Muss nicht unbedingt ein MTB Tandem sein, ein RR oder 'normales' Tandem wäre auch ok.

Danke,
Simon


----------



## fUEL (18. Juli 2008)

sipemue schrieb:


> Hallo Zusammen,
> 
> kennt ihr einen Laden der Tandems verleiht? Oder hat von euch einer ein Tandem, welches man sich mal - natürlich gegen "Entschädigung" - ausleihen könnte?
> Muss nicht unbedingt ein MTB Tandem sein, ein RR oder 'normales' Tandem wäre auch ok.
> ...


 

Hallo Simon 

evtl der Christian denfeld? sicher aber hat der Matthias ( [email protected]) (Friedberg ist auch nicht so weit weg von Kaben) ein Tandem, welches er Dir evtl mal leiht, er wär evtl auch ein guter Sparringpartner für Dich, der Junge ist echt schnell.

Schick ihm einfach ne mail und grüß ihn bitte von mir

cu on trail 

Frank 

Frank


----------



## MTB-News.de




----------



## andy1 (18. Juli 2008)

Auf dem Flohmarkt am Mainufer wurde die letzten beiden Wochenenden immer das gleiche Tandem angeboten - war ein einfaches Alltagsradtandem, hinten mit Damenoberrohr, recht alt, etwas Servicebedürftig.

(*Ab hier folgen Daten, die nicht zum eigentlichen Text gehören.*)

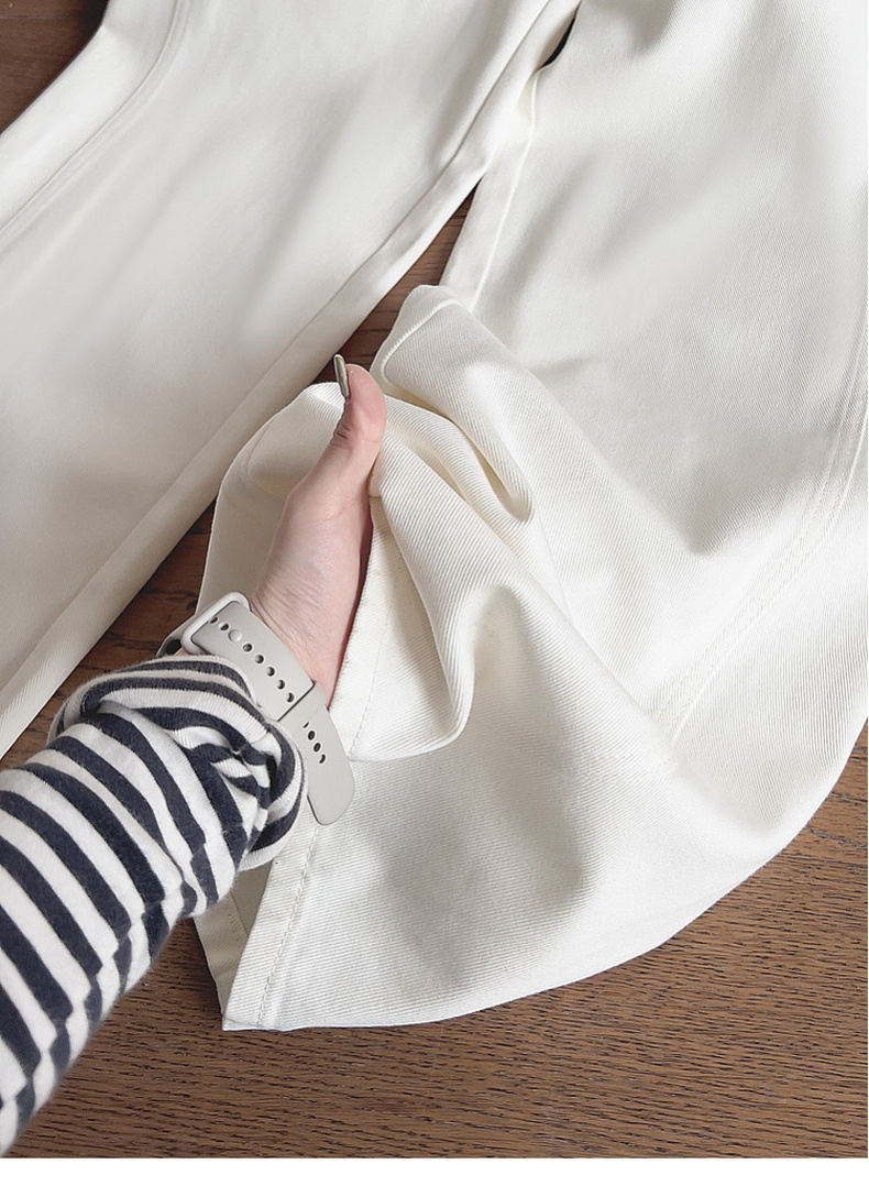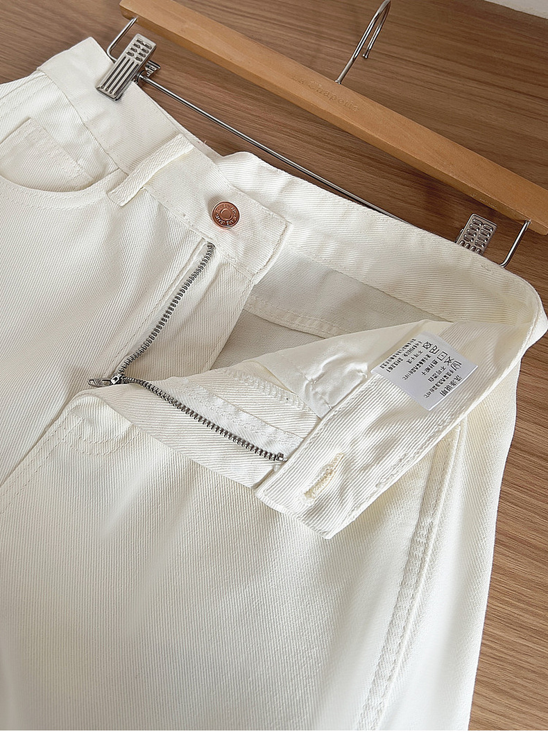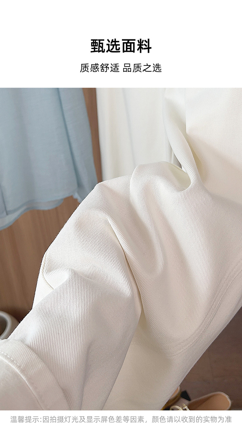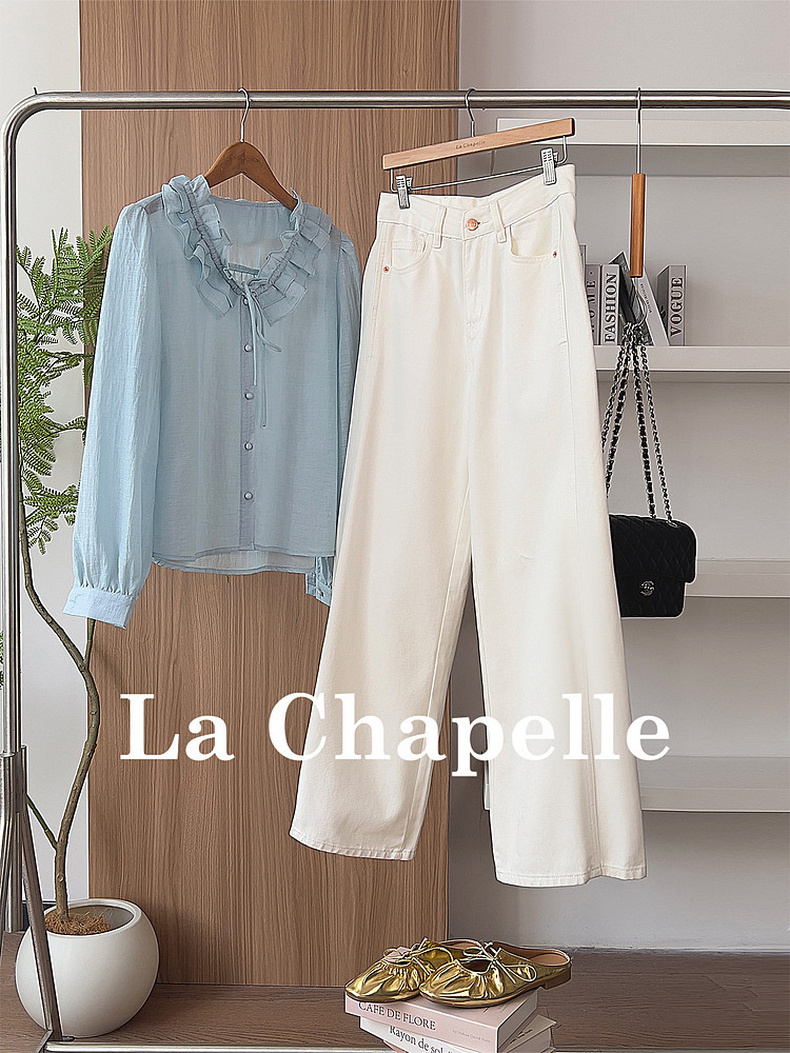专柜实拍【露丝同款】拉夏贝尔/La Chapelle质感牛仔!复古单扣口袋后撞色标直筒阔腿白色净版牛仔裤

Kann man sicher für ein paar Euro kaufen, dann ein wenig Service und fertig.
Vielleicht isses morgen früh wieder da!?
Stand auf der dem Ufer abgewandten Straßenseite an der Bürgersteigkante wo die Museen sind.
Ungefähr da wo ein paar Säulen sind.


----------



## Onkel Jürgen (26. Juli 2008)

Servus,

wir haben ein Tandem. Geländetauglich, den Kiedrich-Marathon hat es schon überlebt (Speedhub, RockShox Federgabel, HS 33 + Louise vorne).
Da wir wegen der kleinen Kinder kaum noch zum gemeinsamen Fahren kommen, steht das gute Stück nur noch unbenutzt im Keller.
Ich würde das ggf. ausleihen oder auch verkaufen.
Was willst Du damit machen?


----------



## Onkel Jürgen (29. Juli 2008)

Hey Simon,

bitte dringend noch mal melden! Meine Frau will ganz oder gar nicht. D. h. nur verkaufen, nicht verleihen!


----------



## Bettina (1. August 2008)

Hallo Onkel Jüregn,
ich klink mich einfach ma ein:
welche Größen hat denn euer Tandem? Und wie alt ist es etc..
Gruß Bettina


----------



## votecstoepsl (3. August 2008)

Onkel Jürgen schrieb:


> Hey Simon,
> 
> bitte dringend noch mal melden! Meine Frau will ganz oder gar nicht. D. h. nur verkaufen, nicht verleihen!



Oha, die Chefin!  Aber ein stückweit auch verständlich bei so einem Rad.

Aber so wirklich einen Tipp um hin und wieder mal ein Tandem zu leihen gab es noch nicht, oder?


----------



## Onkel Jürgen (9. Dezember 2008)

Info an alle Interessenten:
mein Tandem ist schon vor zwei Monaten über ebay verkauft worden!

Warum? Als Captain kann ich nicht mehr einen mittelmäßig trainierten Stoker UND einen doppelt besetzten Kinderwagen (ca. 50 kg) die Berge rauf ziehen. Alles hat seine Zeit ... Spätestens wenn die Jungs keinen Bock mehr haben mit uns auf Tour zu gehen, gibt's bestimmt ein neues Tandem. Zumal unsere Traumtour nach Gibraltar und zurück immer noch aussteht.


----------